Thursday, 18 October 2012

Hypertrophic and Dilated Cardiomyopathy in Mice




Hypertrophic and dilated cardiomyopathies are the two most common kinds of genetic heart disease. The disease is caused by one or more mutations in the genotype of affected individuals, in genes which code for proteins in the cardiac muscle sarcomere. Hypertrophic diseases are characterized by the enlargement of individual cells making up the tissue or organ, while dilated cardiomyopathies gradually cause heart failure due to an abnormally thin ventricular wall. Although the genetic cause behind these diseases vary, they share the same mutations in sarcomeric protein genes, and are implicated with myosin.
The predisposition to hypertrophic cardiomyopathies is inherited as an autosomal dominant trait. HCM results in an usual enlargement of the ventricular and interventricular septum tissue, causing the individual to be at risk of impaired electrical activity. As the heart relies on precise electrical signalling in order to maintain its homeostatic heartbeat, hypertrophic cardiomyopathies pose a risk of sudden, unexpected death, particularly in athletes.

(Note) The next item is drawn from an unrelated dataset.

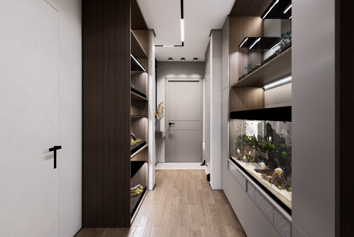 фактуры. В грязной зоне — прочная плитка, остальной пол выполнен из инженерной доски. Так покрытие остаётся тёплым и приятным, даже если за окном ноябрь. Здесь предусмотрено место для аквариума и стоек с террариумами. А под мебелью спрятана база для робота-пылесоса, чтобы он всегда был под рукой, но не на виду. Двери со скрытой коробкой завершают минималистичный облик пространства — чистые линии и максимум порядка с первых шагов в квартиру. #ремонтподключ #дизайнпроект #интерьер #советыдизайнера #ремонт #прихожая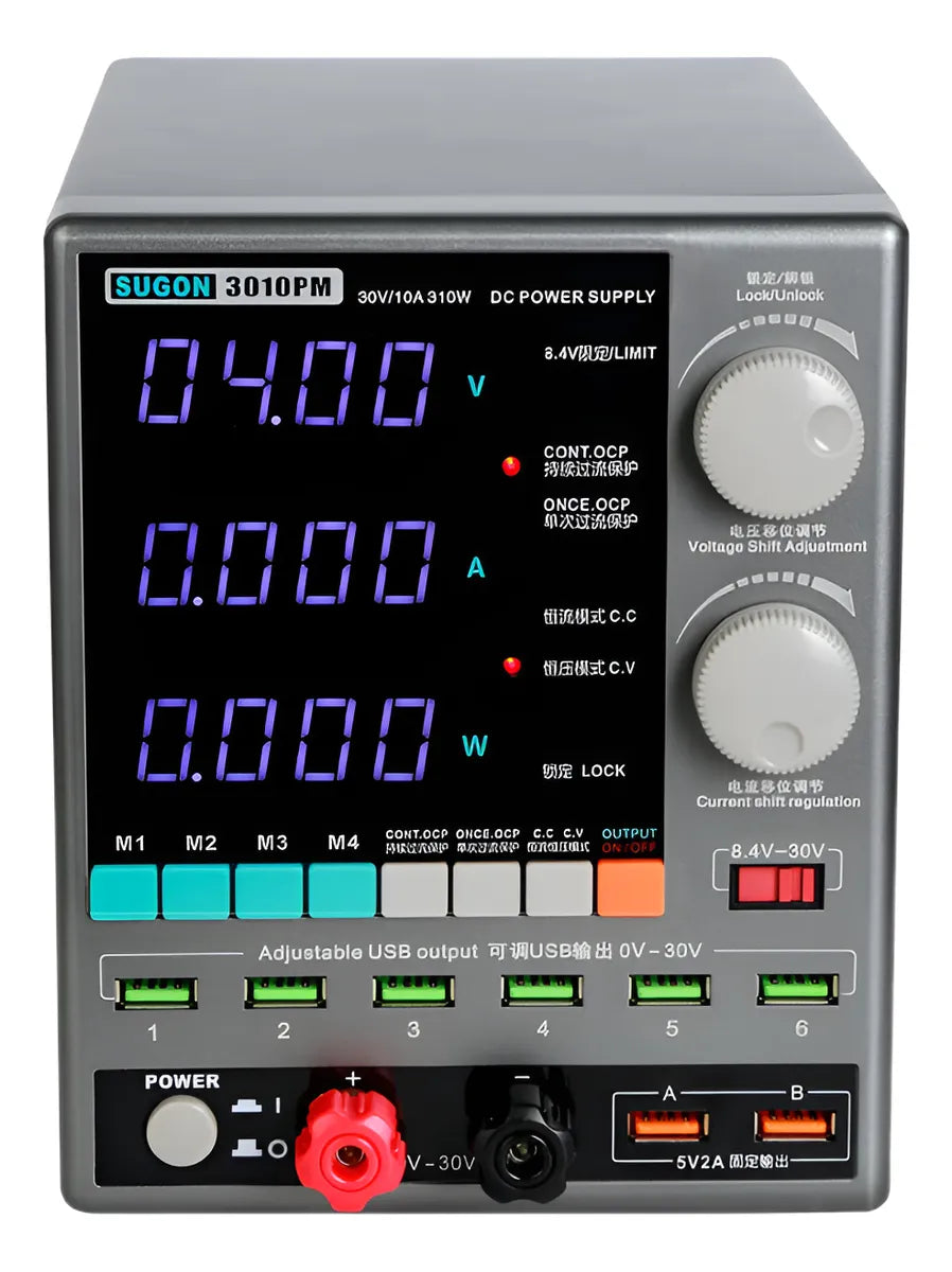 La fuente de poder Sugon 3010PM ofrece una salida ajustable de hasta 30V y 10A, con una potencia máxima de 310W. Cuenta con un display digital de 4 dígitos que muestra voltaje, corriente y potencia en tiempo real. Dispone de 4 canales de memoria para guardar configuraciones, control avanzado de protección OCP, OTP y OPP, y múltiples salidas USB: 2 salidas fijas de 5V/2A y 6 salidas ajustables entre 0 y 30V. Ideal para aplicaciones que requieren precisión y seguridad en el suministro eléctrico.

In contrast to HCM, dilated cardiomyopathies or DCM result in the dilation of the myocardium or heart muscle; this causes the thinning of the ventricular wall, and consequent impairment of systolic function. Furthermore, DCM impounds on one’s health gradually; the impaired heartbeat causes the progressive enlargement of the tissue. As with HCM, the most common pathway of inheriting the DCM phenotype is autosomal dominant; other patterns are also found, including autosomal recessive (Alstrom syndrome), X-linked (Duchenne muscular dystrophy) and mitochondrial inheritance.
Research suggests that when mutations are present in the sarcomeric proteins, the diseased HCM or DCM phenotype occurs; this is due to the altered contractile properties of the mutant myosin, leading to altered contraction and consumption of ATP – thus, the muscle’s abnormal ATP consumption may be the cause behind the diseased phenotype.
Due to ethical reasons, only small biopsies of human muscle have been used to study cardiomyopathies in humans. Alternatively, researchers have turned to transgenic mice to study the effects of myosin mutations on heart function. It was found that mice which were heterozygous for the R403Q gene mutation exhibited a hypertrophic phenotype, featuring a disarray of myocytes. Firstly, this indicates that the mutation is dominant. Secondly, further studies found that this disarray of myocytes was consistent at the cellular level, with actin and myosin attaching at very variable angles, compared to the wild type. Thus, myosin mutations potentially cause a disarray in myocytes at the cellular level, which is reflected at the acto-myosin level.
Studies over the past two decades have found that hypertrophic cardiomyopathy in particular actually has enhanced myosin activity; this may explain the large proportion of athletes who suffer from sudden death due to HCM – the large heart muscle provides them with a physiological advantage. HCM is a double-edged sword, however, and the muscle grows so abnormally large that electrical function is impaired and the individual is at risk of myocardial infarction. It is thus evident that genetic studies in mice support our understanding of diseases in humans, where research is blocked by ethical barriers; an application of this research may be the screening of athletes for HCM. 

References:
Moore, J. R; Leinwand, L.; Warshaw, D. M; Understanding Cardiomyopathy Phenotypes Based on the Functional Impact of Mutations in the Myosin Motor. Circulation Research, Vol. 111(3), 20 July 2012, p 375-385.  Retrieved 13/10/2012.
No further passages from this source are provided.